A method may further include, for example, the step of connecting the cover plate 130 to the combustor liner 100, such as to the aft end 106 thereof. Such connecting may include, for example, welding the cover plate 130 to the combustor liner 100, such as to the aft end 106 thereof. The connecting step may, for example, occur after the aligning step discussed herein. After such connecting, the now-mounted cover plate 130 may advantageously be accurately aligned with the combustor liner 100 to facilitate improved cooling of the aft end 106 of the combustor liner 100.
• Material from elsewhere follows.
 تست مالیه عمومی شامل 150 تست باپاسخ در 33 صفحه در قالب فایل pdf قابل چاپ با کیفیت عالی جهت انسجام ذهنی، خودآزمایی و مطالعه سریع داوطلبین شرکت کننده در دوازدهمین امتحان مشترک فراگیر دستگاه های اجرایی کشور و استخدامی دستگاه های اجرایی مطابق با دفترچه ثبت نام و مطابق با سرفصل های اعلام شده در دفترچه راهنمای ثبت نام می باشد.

This written description uses examples to disclose the invention, including the best mode, and also to enable any person skilled in the art to practice the invention, including making and using any devices or systems and performing any incorporated methods. The patentable scope of the invention is defined by the claims, and may include other examples that occur to those skilled in the art. Such other examples are intended to be within the scope of the claims if they include structural elements that do not differ from the literal language of the claims, or if they include equivalent structural elements with insubstantial differences from the literal languages of the claims.

Claims

1. A method for assembling a combustor, the method comprising:

positioning an alignment tool in an axial channel of a plurality of axial channels defined in a combustor liner, the plurality of axial channels disposed in an annular array, the alignment tool comprising a base and an alignment rod extending from the base;

positioning a cover plate around the combustor liner, wherein a plurality of cooling holes is defined in the cover plate; and

aligning the cover plate with the combustor liner by inserting the alignment rod through one of the plurality of cooling holes.

2. The method of claim 1, further comprising connecting the cover plate to the combustor liner.
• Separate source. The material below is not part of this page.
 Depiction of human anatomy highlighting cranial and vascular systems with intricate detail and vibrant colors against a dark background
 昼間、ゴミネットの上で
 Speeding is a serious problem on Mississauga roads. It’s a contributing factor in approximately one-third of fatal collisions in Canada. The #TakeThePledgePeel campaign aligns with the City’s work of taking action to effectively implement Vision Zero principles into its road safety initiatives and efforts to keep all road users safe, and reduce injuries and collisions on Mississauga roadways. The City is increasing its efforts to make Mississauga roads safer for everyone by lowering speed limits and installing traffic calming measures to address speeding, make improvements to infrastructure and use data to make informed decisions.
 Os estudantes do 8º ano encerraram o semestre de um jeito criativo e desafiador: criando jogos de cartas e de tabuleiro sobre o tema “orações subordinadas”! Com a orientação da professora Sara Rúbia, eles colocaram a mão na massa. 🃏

3. The method of claim 2, wherein connecting the cover plate to the combustor liner comprises welding the cover plate to the combustor liner.
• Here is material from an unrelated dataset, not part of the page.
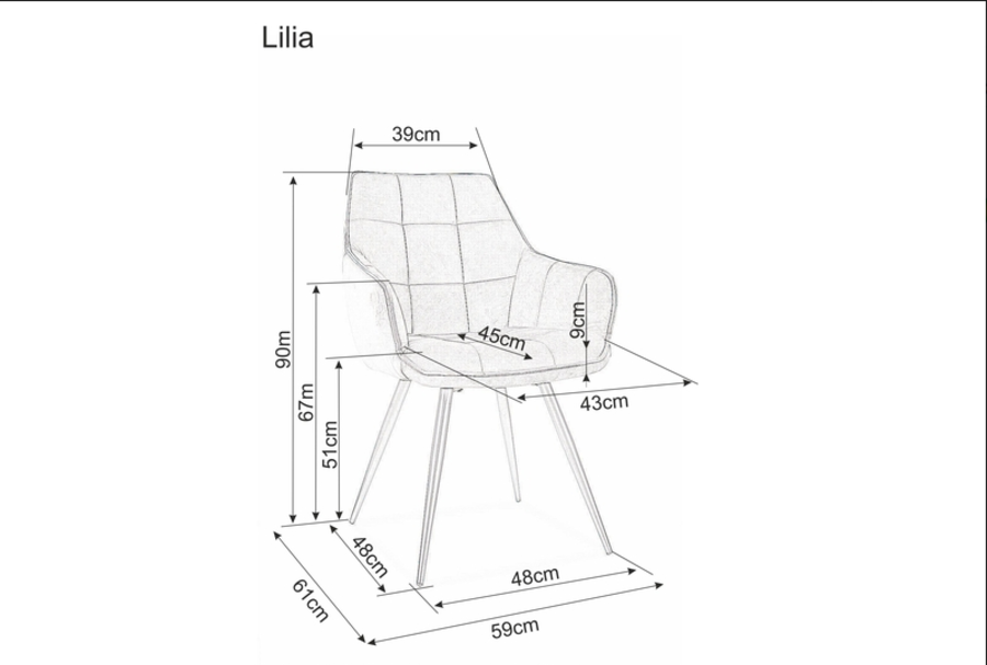 Кресло ЛИЛИЯ съчетава модерен дизайн и изключителен комфорт, което го прави стилно допълнение към всеки интериор. Седалката и облегалката са тапицирани с висококачествена кадифена дамаска, осигуряваща мекота и изисканост. Ергономичната форма и подлакътниците предоставят отлична подкрепа за тялото, като създават усещане за уют и релаксация. Здравите метални крака в черен цвят гарантират стабилност и надеждност, като креслото е проектирано да издържа натоварване до 120 кг. Идеално за жилищни и офис пространства, кресло ЛИЛИЯ е съчетание от елегантност, практичност и дълготрайност.

4. The method of claim 2, wherein the connecting step occurs after the aligning step.

5. The method of claim 1, wherein the base of the alignment tool is positioned in an axial channel of the plurality of axial channels.

6. The method of claim 1, wherein the axial channel is defined at an aft end of the combustor liner.

7. The method of claim 1, wherein the plurality of cooling holes is disposed in an annular array.

8. The method of claim 1, wherein the base of the alignment tool is a plate.

9. A method for assembling a combustor, the method comprising:

positioning an alignment tool in an axial channel of a combustor liner, the alignment tool comprising a base and an alignment rod extending from the base;

positioning a cover plate around the combustor liner, wherein a plurality of cooling holes is defined in the cover plate;

aligning the cover plate with the combustor liner by inserting the alignment rod through one of the plurality of cooling holes; and

welding the cover plate to the combustion liner.

10. The method of claim 9, wherein the welding step occurs after the aligning step.

11. The method of claim 9, wherein the base of the alignment tool is positioned in the axial channel.

12. The method of claim 9, wherein the axial channel is one of a plurality of axial channels defined in the combustor liner, the plurality of axial channels disposed in an annular array.

13. The method of claim 9, wherein the axial channel is defined at an aft end of the combustor liner.

14. The method of claim 9, wherein the plurality of cooling holes is disposed in an annular array.

15. The method of claim 9, wherein the base of the alignment tool is a plate.

16. The method of claim 9, wherein the alignment rod extends perpendicularly from the base.

17. The method of claim 9, wherein the alignment rod is cylindrical.

18. The method of claim 9, wherein the cover plate is annular.